The thickness of vertebral endplates on the inferior and superior surfaces of the vertebral bone was taken as 0.5 mm [46,47,48]. The articular facets were modelled with a thickness of 0.5 mm, whereas the initial gap between the two articular facets was considered 0.5 mm to transmit compressive force only [49,50,51]. A frictional contact was used to make contact between the facets with a friction coefficient of 0.1, and bonded contact was used for the remaining FSU joints [52]. The seven ligaments used in the model were developed by tension-only node-to-node truss elements [53], namely posterior longitudinal ligament (PLL), capsular ligament (CL), anterior longitudinal ligament (ALL), ligamentum flavum (LF), intertransverse ligament (ITL), supraspinous ligament (SSL) and interspinous ligament (ISL). The standard cross-sectional area and material properties of each ligament were adopted from the previous literature. Figure 2a illustrate the FSU and their sectional view with associated thickness of components.

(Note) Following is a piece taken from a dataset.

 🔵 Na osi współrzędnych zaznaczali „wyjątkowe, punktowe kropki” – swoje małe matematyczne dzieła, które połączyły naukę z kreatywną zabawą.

The 3D model of the IVD was separated into annulus fibrosus (AF) and NP, where the AF covered almost 60% of the total volume of the IVD [42,54,55]. The AF was modelled as a composite reinforced by collagen fibers in concentric rings [51]. Two evenly spaced layers of fibers with an orientation of roughly ±30° to the horizontal plane made up the five layers of lamellae that encircled the NP in a crisscross-like manner [56,57]. Figure 2b represents the IVD with fiber orientation. The diameter of the fibers was 0.5 mm and the distance between each fiber was taken to be 0.75 mm [57]. Only tension-resisting node-to-node truss elements were used to define the fibers [58]. The truss elements cross-sectional area was calculated as per the standard relation reported by Goel et al., 1995 [57]. The Mooney Rivlin constitutive model was used to model the nonlinear NP and AF ground substance characteristic as incompressible and hyperelastic material [1,59]. A two-parameter Mooney-Rivlin formulation is expressed in Equation (3) [58,60].

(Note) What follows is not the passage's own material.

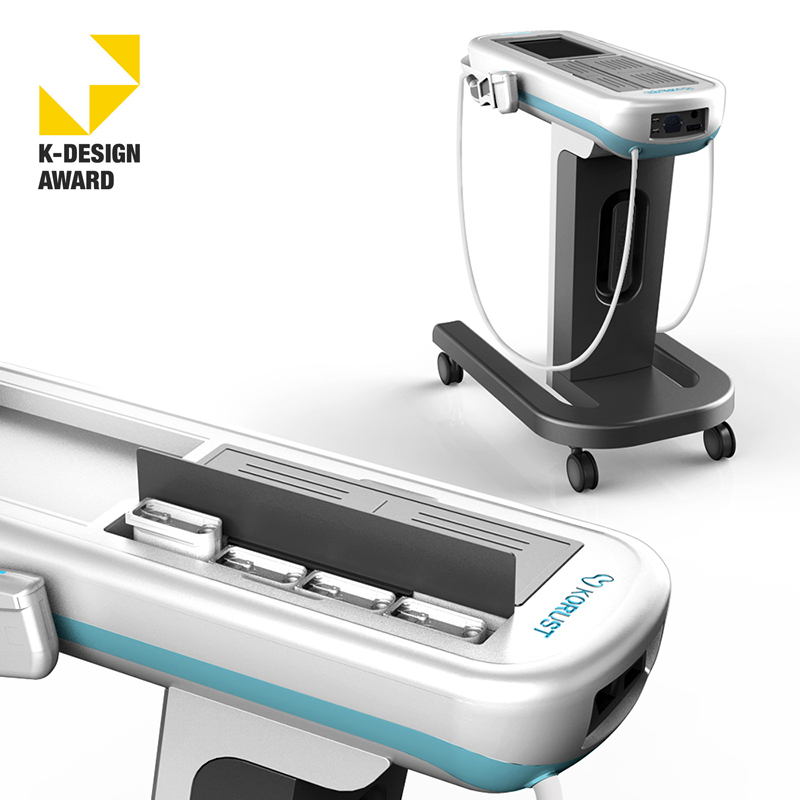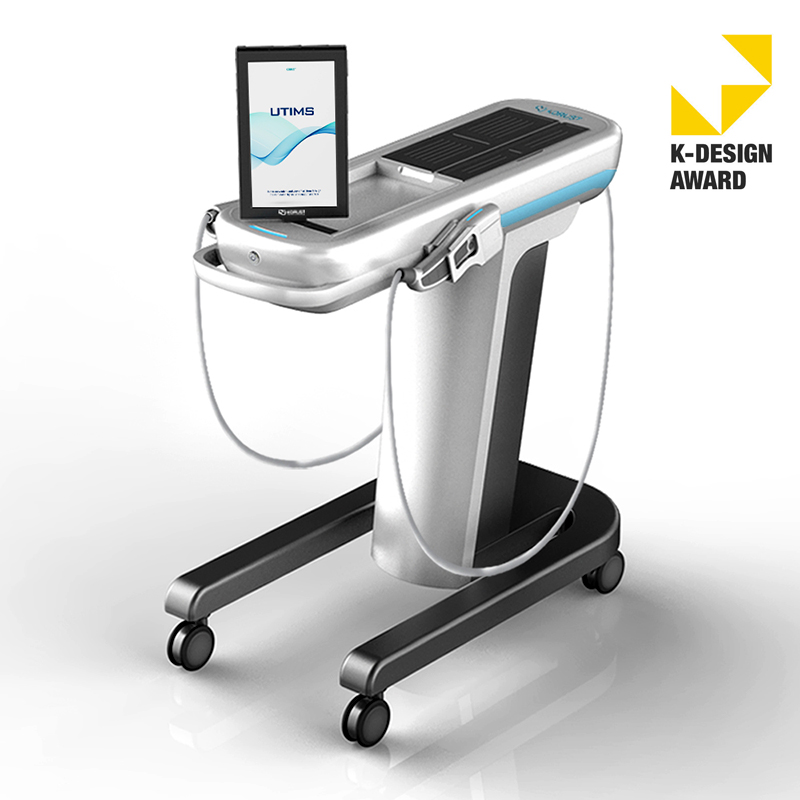 유려한 곡면 바디와 슬림한 카트 구조를 적용해 의료기기의 전문성과 이동 편의성을 높인 디자인이다. 듀얼 다이내믹 초음파와 고강도 집속 초음파 기능을 통합해 직관적 사용성과 첨단 이미지를 동시에 구현했다.

$$W=c_{01}\left(I_2-3\right)+c_{10}\left(I_1-3\right)+\frac{1}{d} {(J-1)}^2$$

(3)

where:

W	Strain Energy Function
I1 and I2	First/second deviatoric strain invariants
c01 and c10	Material constants
d	Incompressibility parameter of the material
J	Elastic volume ratio

All components of FSU except the NP and AF ground substance have been modelled with linear isotropic material properties [43].

Table 2. Material properties of lumbar FE model.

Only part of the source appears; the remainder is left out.